**DATA SEGMENT**
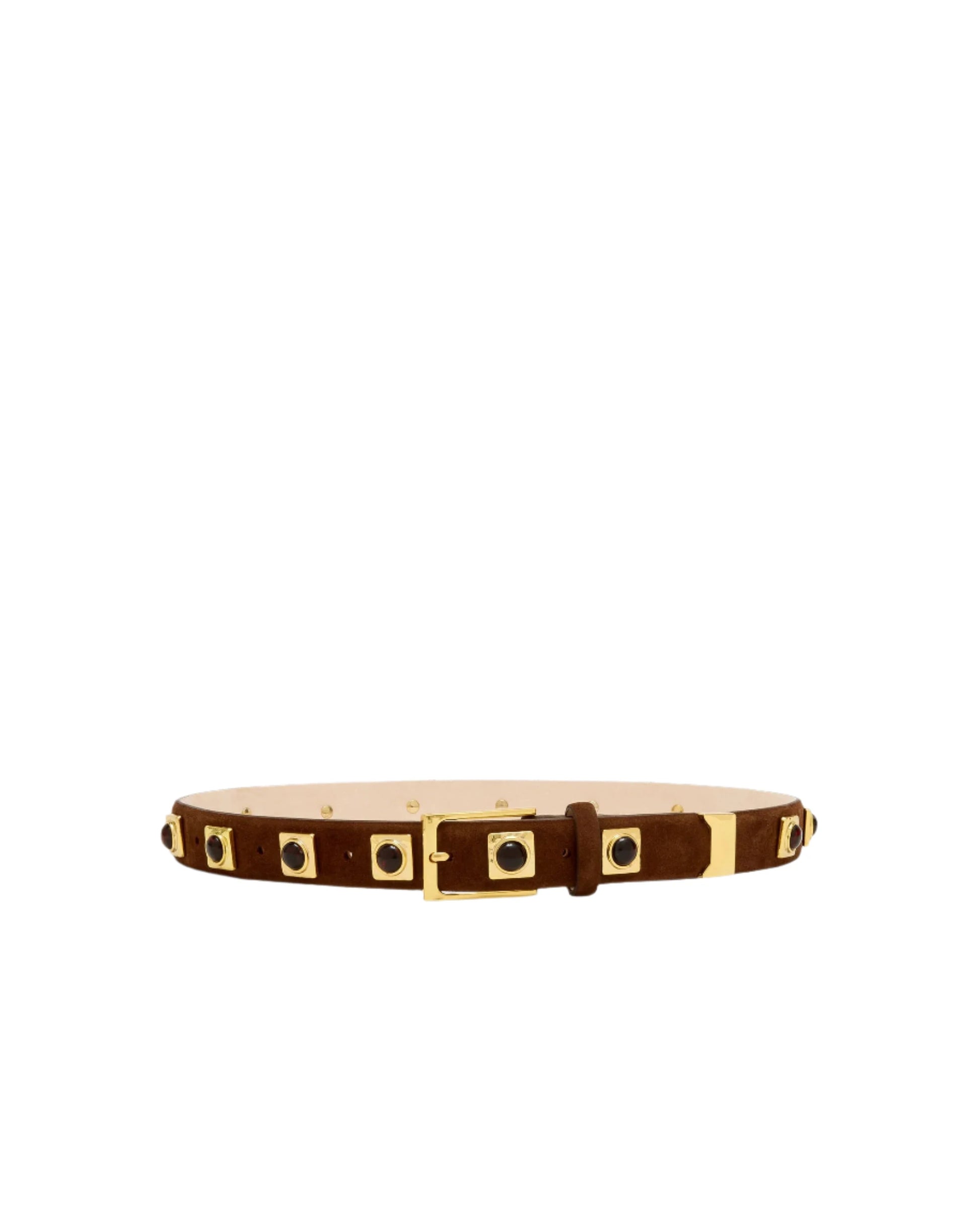 Made from soft suede Italian leather, this limited-edition belt stands out with jewelry-inspired details—featuring brown stone studs and a structured rectangular buckle crafted from 24k gold-plated brass. A refined statement piece with timeless edge.
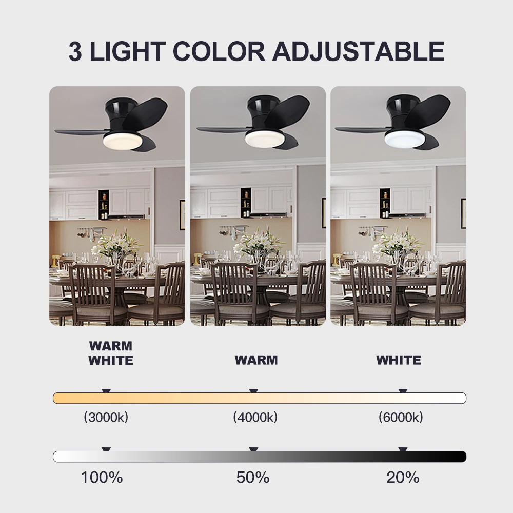 Ventilador de techo de 25 pulgadas con luz y control remoto, ventilador de techo LED con 3 aspas, para interior, dormitorio, sala de estar, comedor, cocina - TopDealBox
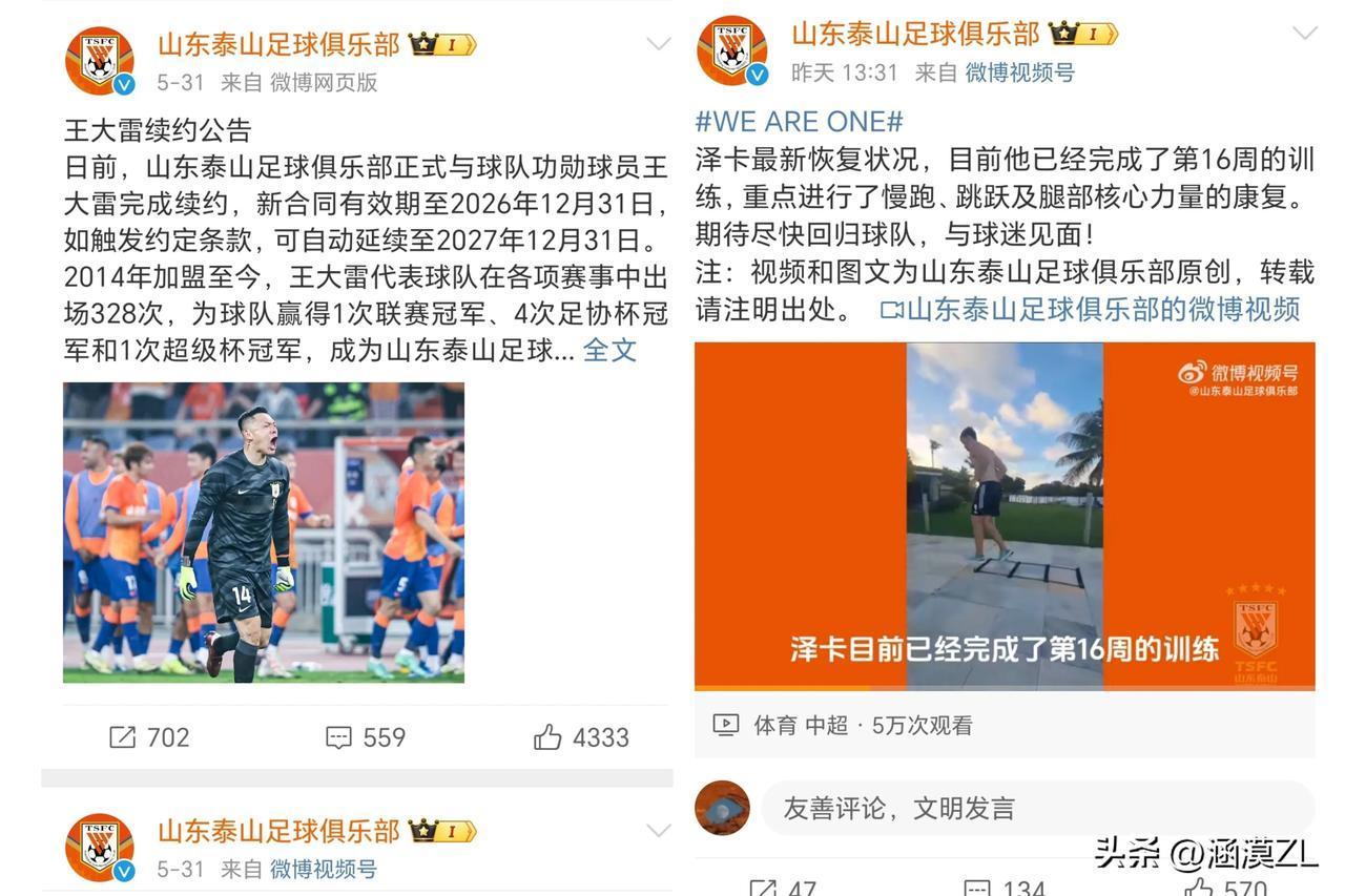 好兆头!泰山俱乐部高层已悄然发生了改变,还差重要一环。 5月31日,官方宣布成功续约王大雷,这一决定既顺应了球迷心愿,也是对球队的一大利好事件。 6月2日,官博发布消息,泽卡目前恢复良好,回击了山东体育频道某嘉宾爆出的“泽卡至今还不能下地”的言论。 两件事均体现了俱乐部管理层该有的积极作为,打消了球迷此前的各种质疑和顾虑,如果夏窗期间在引援上再能有所动作就完美了。

**TASK PROMPT**
Go through the listing above and quote it exactly, apart from its images.

**YOUR RESPONSE**
 Made from soft suede Italian leather, this limited-edition belt stands out with jewelry-inspired details—featuring brown stone studs and a structured rectangular buckle crafted from 24k gold-plated brass. A refined statement piece with timeless edge.
 Ventilador de techo de 25 pulgadas con luz y control remoto, ventilador de techo LED con 3 aspas, para interior, dormitorio, sala de estar, comedor, cocina - TopDealBox
 好兆头!泰山俱乐部高层已悄然发生了改变,还差重要一环。 5月31日,官方宣布成功续约王大雷,这一决定既顺应了球迷心愿,也是对球队的一大利好事件。 6月2日,官博发布消息,泽卡目前恢复良好,回击了山东体育频道某嘉宾爆出的“泽卡至今还不能下地”的言论。 两件事均体现了俱乐部管理层该有的积极作为,打消了球迷此前的各种质疑和顾虑,如果夏窗期间在引援上再能有所动作就完美了。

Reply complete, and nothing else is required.